25. En quatrième lieu, il ne ressort pas des pièces du dossier que la mesure d’assignation à résidence contreviendrait au droit au respect à la vie privée et familiale de M. D. Par suite, le moyen tiré de la méconnaissance des stipulations de l’article 8 de la convention européenne de sauvegarde des droits de l’homme et des libertés fondamentales doit être écarté.
26. En cinquième lieu, si M. D soutient qu’il ne peut se présenter au commissariat du lundi au samedi entre 9 et 11 heures au commissariat de police en raison de ses horaires de travail, il ne ressort pas des pièces du dossier qu’il travaillerait à ces horaires. Par suite, le moyen tiré de l’erreur manifeste d’appréciation quant aux conséquences sur sa situation personnelle doit être écarté.

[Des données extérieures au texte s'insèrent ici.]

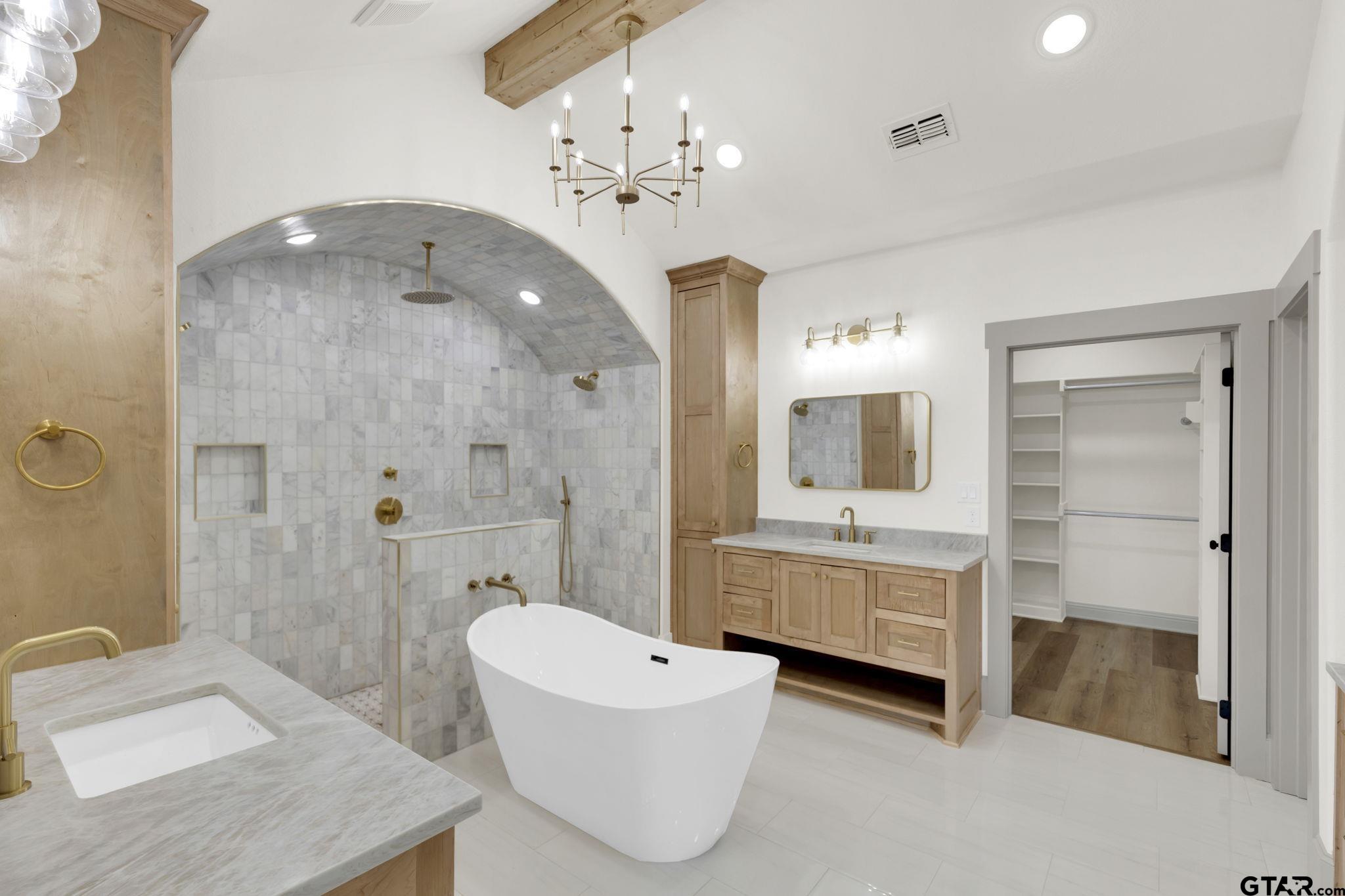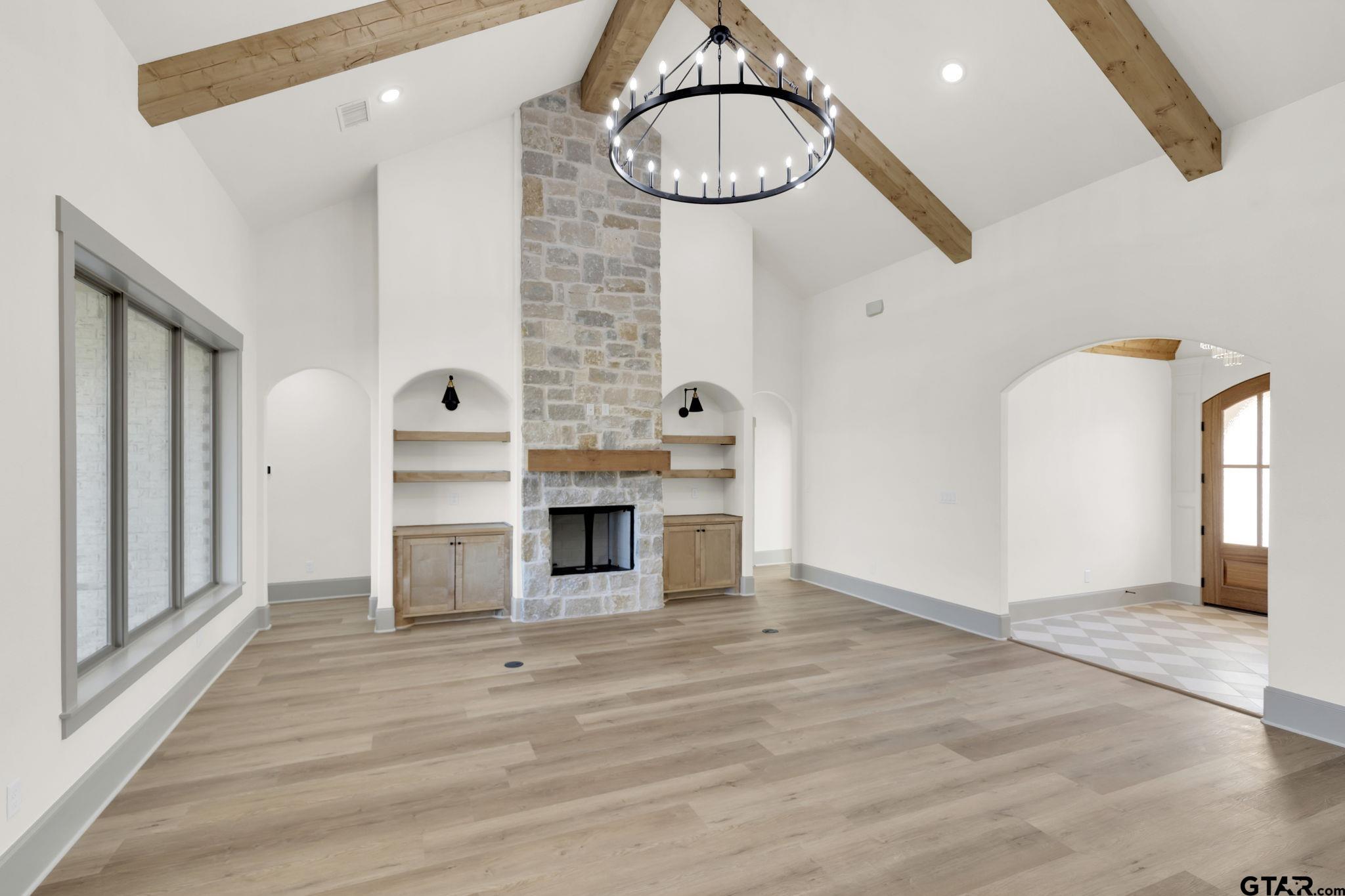 | Stunning 2,739 sq ft, 4-bedroom, 3.5-bath new construction home on a 0.5-acre lot in the desirable Gruene Valley Ranch subdivision. This property offers a 3-car garage, energy-efficient spray foam insulation, and high-end finishes throughout. The home features an open layout with vaulted ceilings, exposed wood beams, abundant natural light, and a large living area with a stone fireplace and built-in shelving. The kitchen flows seamlessly into the living space, creating an ideal setup for entertaining. A designated office provides the perfect workspace for remote professionals or home-based businesses. The luxurious master suite includes a spa-style bathroom with a freestanding tub, double vanities, an arched walk-through shower with elegant tilework and gold fixtures, and a spacious walk-in closet. Enjoy outdoor living in the fully fenced backyard, offering privacy and room for pets, play, or gatherings. | |

27. Il résulte de tout ce qui précède que M. D n’est pas fondé à demander l’annulation des arrêtés du 14 mars 2025 par lesquels la préfète des Vosges l’a, d’une part, obligé à quitter le territoire français sans délai, fixé le pays à destination duquel il pourra être éloigné et prononcé à son encontre une interdiction de retour sur le territoire français d’une durée de deux ans et, d’autre part, assigné à résidence dans le département des Vosges. Ses conclusions à fin d’annulation doivent être rejetées, ainsi que, par conséquent, celles à fin d’injonction et présentées au titre des articles L. 761-1 du code de justice administrative et 37 de la loi du 10 juillet 1991.
D E C I D E :
Article 1er : M. D est admis au bénéfice de l’aide juridictionnelle à titre provisoire.
Article 2 : Le surplus des conclusions de la requête est rejeté.
Article 3 : Le présent jugement sera notifié à M. A D, à Me Boulanger et à la préfète des Vosges.
Rendu public par mise à disposition au greffe le 4 avril 2025.
Le magistrat désigné,
P. Bastian
Le greffier,
L. Thomas
La République mande et ordonne à la préfète des Vosges en ce qui la concerne ou à tous commissaires de justice à ce requis en ce qui concerne les voies de droit commun contre les parties privées, de pourvoir à l’exécution de la présente décision.